A LM-Steer is transferrable between different language models by an explicit-form calculation.

One can also continuously steer LMs simply by scaling the LM-Steer, or compose multiple LM-Steers by adding their transformations.

Requirements

kaggle
torch
transformers
datasets
numpy
pandas
googleapiclient

Usage

1. Preparing Data

Following the setting in MuCoLa, we download the training data from Kaggle toxic comment classification challenge. We use prompts from MuCoLa's code repository (placed under data/prompts), which contains prompts for sentiment control and toxicity removal.
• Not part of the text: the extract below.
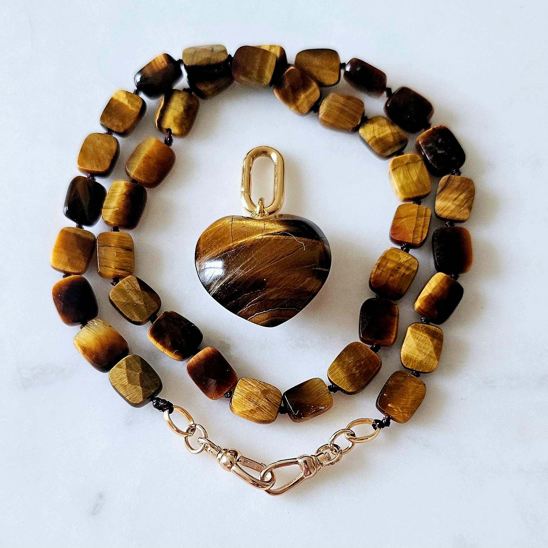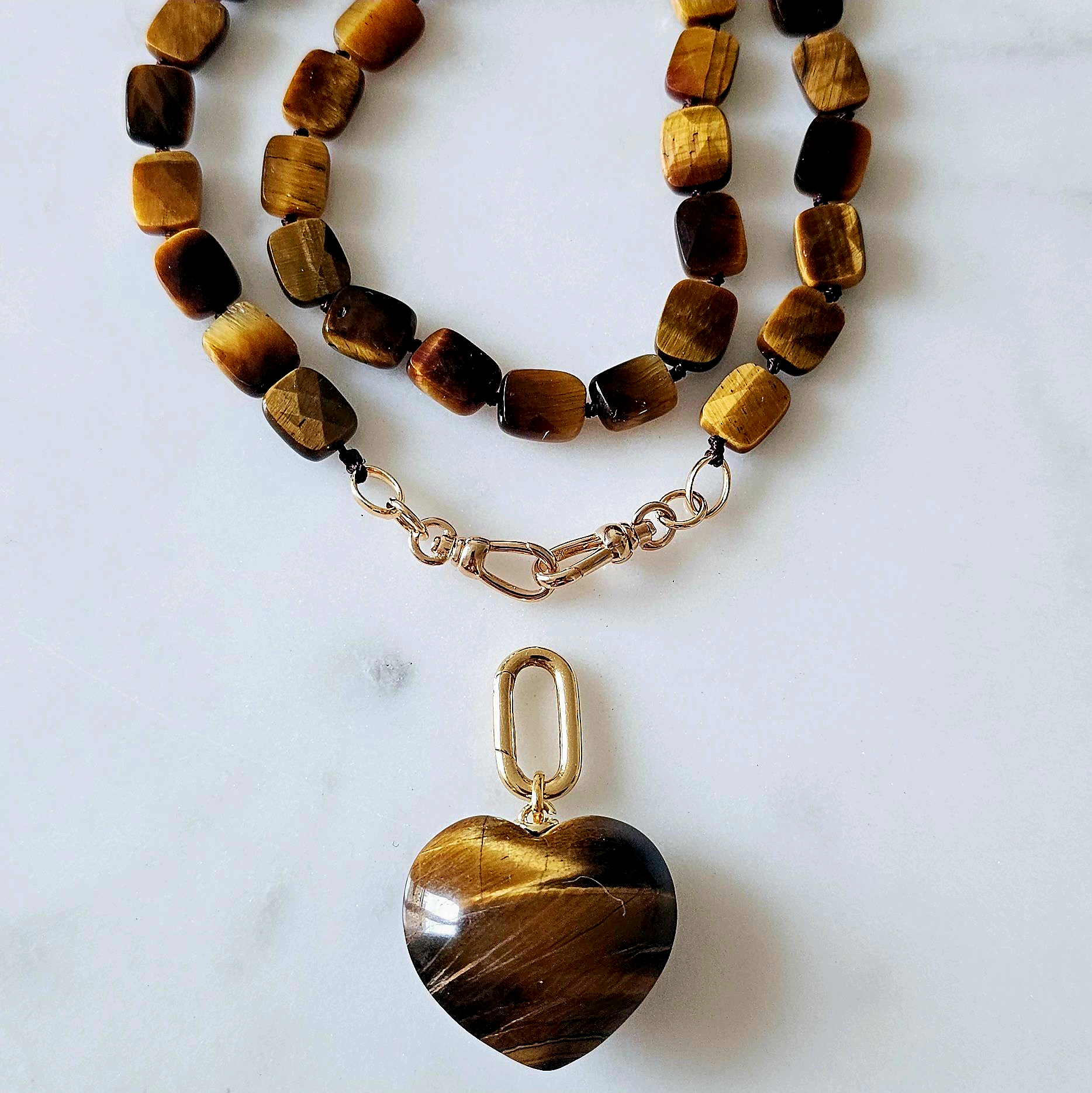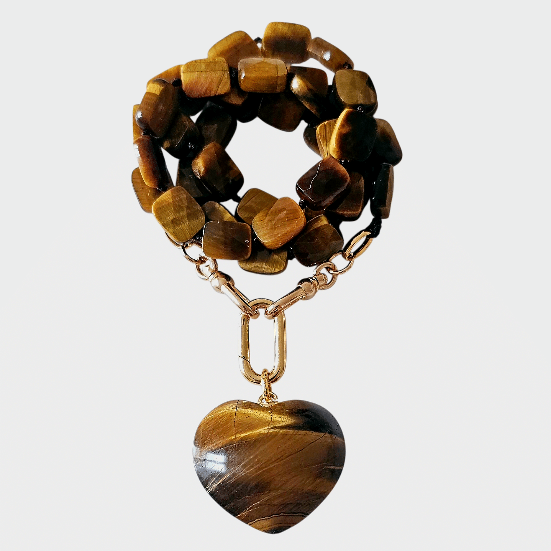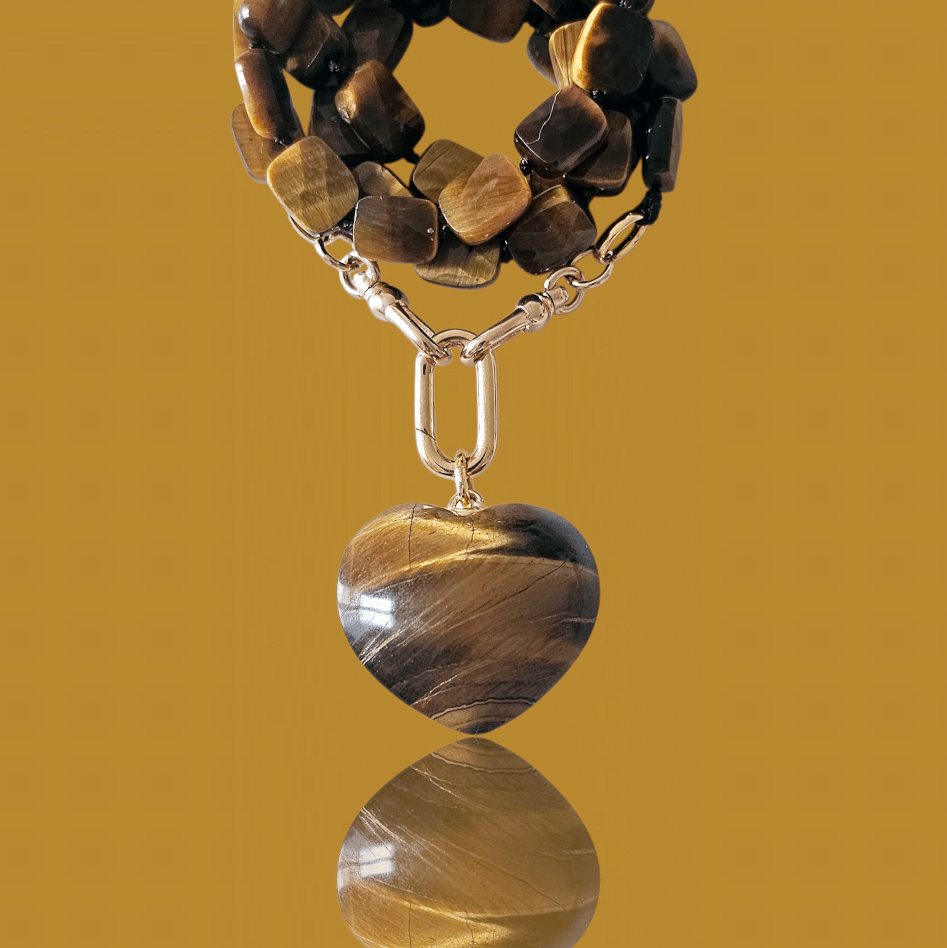 Ce sautoir est sublimé par un pendentif cœur en pierre naturelle, également en œil de tigre, suspendu à un locket mousqueton permettant ainsi la possibilité pour vous d’échanger ou pas de pendentif.

Commands for acquiring training data (you need to setup a Kaggle account and configure the Kaggle API key):

# training data 
kaggle competitions download -c jigsaw-unintended-bias-in-toxicity-classification
unzip jigsaw-unintended-bias-in-toxicity-classification.zip -d data/toxicity/jigsaw-unintended-bias-in-toxicity-classification
rm jigsaw-unintended-bias-in-toxicity-classification.zip

# processing
bash data/toxicity/toxicity_preprocess.sh \
    data/toxicity/jigsaw-unintended-bias-in-toxicity-classification

2. Training and Evaluation

2.1. LM-Steer for Detoxification

Using GPT2-Large as the base model, we train a LM-Steer for detoxification.
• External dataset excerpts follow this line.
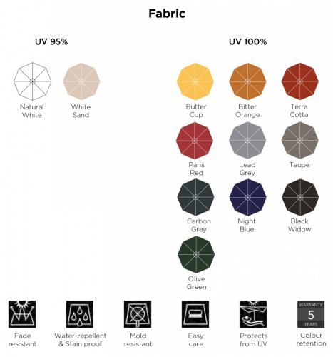 Ткани для зонтов обладают грязеотталкивающими и водоотталкивающими свойствами, а также не выцветают. Кроме того, все ткани, из которых изготовлены куполы зонтов, можно стирать и легко заменять. Акрил, используемый для куполов зонтов Prostor, обладает способностью значительно снижать проникновение ультрафиолетовых лучей и предлагает вам и вашим детям идеальную защиту от вредного воздействия солнечных лучей (100% ультрафиолетовых лучей отфильтровываются). 2 более светлых цвета (белый (Natural White), песочный (White Sand)) фильтруют 95% УФ-лучей.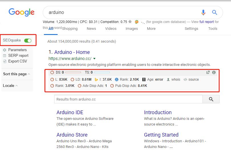 它是一款Chrome插件,在搜索结果页可以看到网站的大致数据统计,类似于Moz Chrome插件。它的数据来源是SEMrush,所以说数据来源还算靠谱!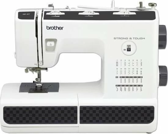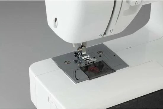 27 punten met nuttige en decoratieve stiksels, inclusief 1 100% automatisch knoopsgat – Naaldinrijgsysteem – LED-verlichting – Vrije arm – Steeklengte en breedte-aanpassingen – Verlaging van 6 tanden – Naaldplaat – Metalen haak – Inbegrepen: Set van complete accessoires + dvd – Garantie: 2 jaar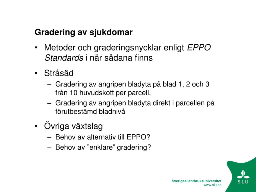 Gradering av sjukdomar • Metoder och graderingsnycklar enligt EPPO Standards i när sådana finns • Stråsäd • Gradering av angripen bladyta på blad 1, 2 och 3 från 10 huvudskott per parcell, • Gradering av angripen bladyta direkt i parcellen på förutbestämd bladnivå • Övriga växtslag • Behov av alternativ till EPPO? • Behov av ”enklare” gradering?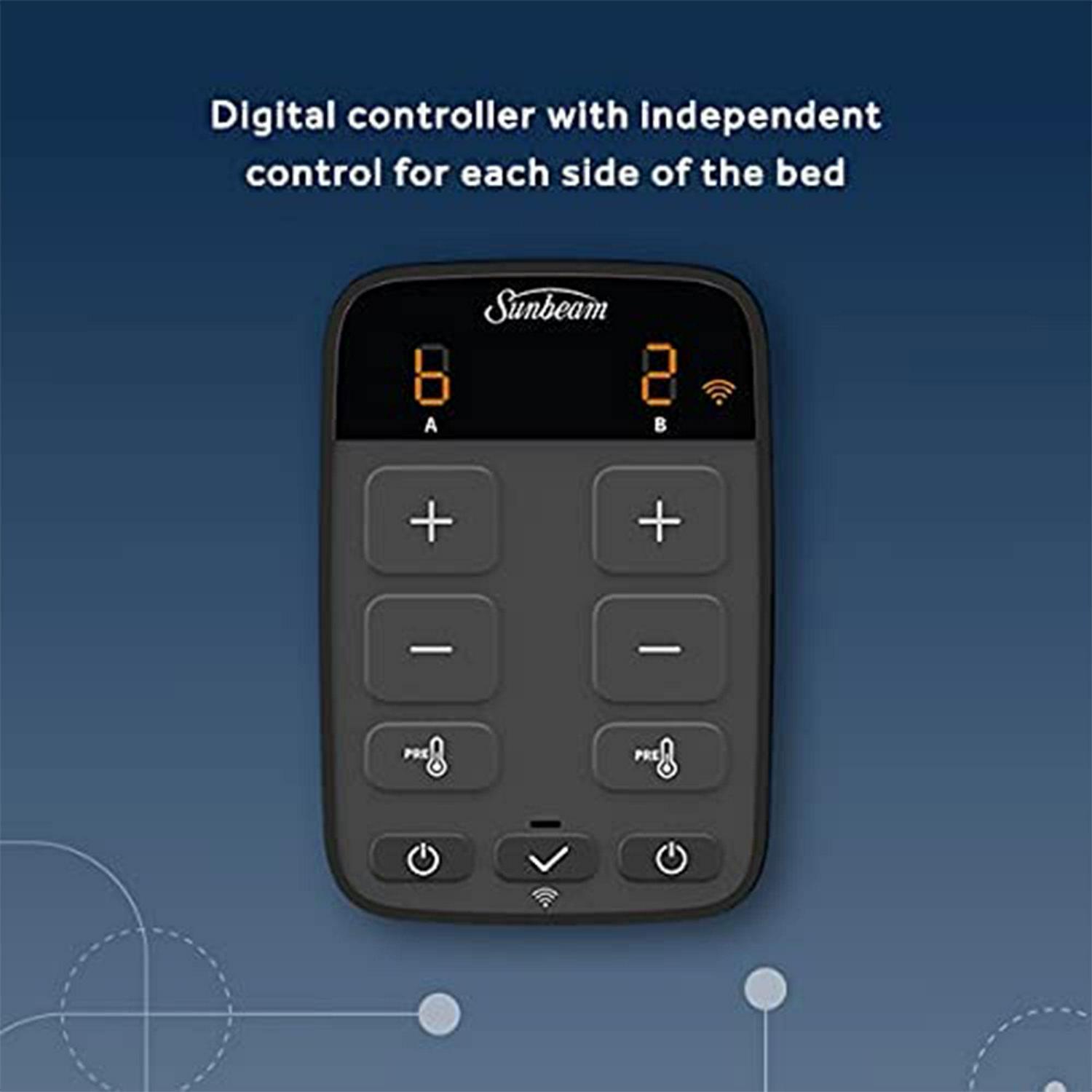 – Control the Heated Blanket from anywhere using the Sunbeam app, voice assistants, or wired digital controller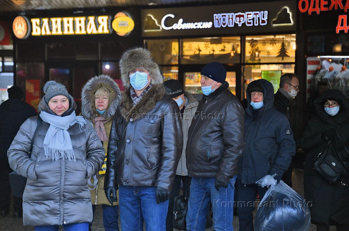Views of Moscow. Genre photography. Passengers in medical masks while waiting for the train at the Leningrad railway station.

TRIAL=detoxification-gpt2-large
mkdir -p logs/$TRIAL
PYTHONPATH=. python experiments/training/train.py \
    --dataset_name toxicity \
    --data_dir data/toxicity/jigsaw-unintended-bias-in-toxicity-classification \
    --ckpt_name logs/$TRIAL/checkpoint.pt \
    --model gpt2-large --cuda \
    --adaptor_class multiply --num_steers 2 --dummy_steer 1 --rank 1000 \
    --batch_size 32 --max_length 256 \
    --n_steps 1000 --lr 1e-2

PYTHONPATH=. python experiments/training/generate.py \
    --eval_file data/prompts/nontoxic_prompts-10k.jsonl \
    --output_file logs/$TRIAL/predictions.jsonl \
    --ckpt_name logs/$TRIAL/checkpoint.pt \
    --model gpt2-large --cuda \
    --adaptor_class multiply --num_steers 2 --rank 1000 \
    --max_length 256 --verbose --steer_values 5 1

The prediction file will be saved at logs/$TRIAL/predictions.jsonl. We can evaluate the predictions using the following command. To evaluate with the Perspective API from google cloud, you need to set the export GOOGLE_API_KEY=xxxxxxx environment variable. Otherwise, you can remove the "toxicity" metric from the evaluation script.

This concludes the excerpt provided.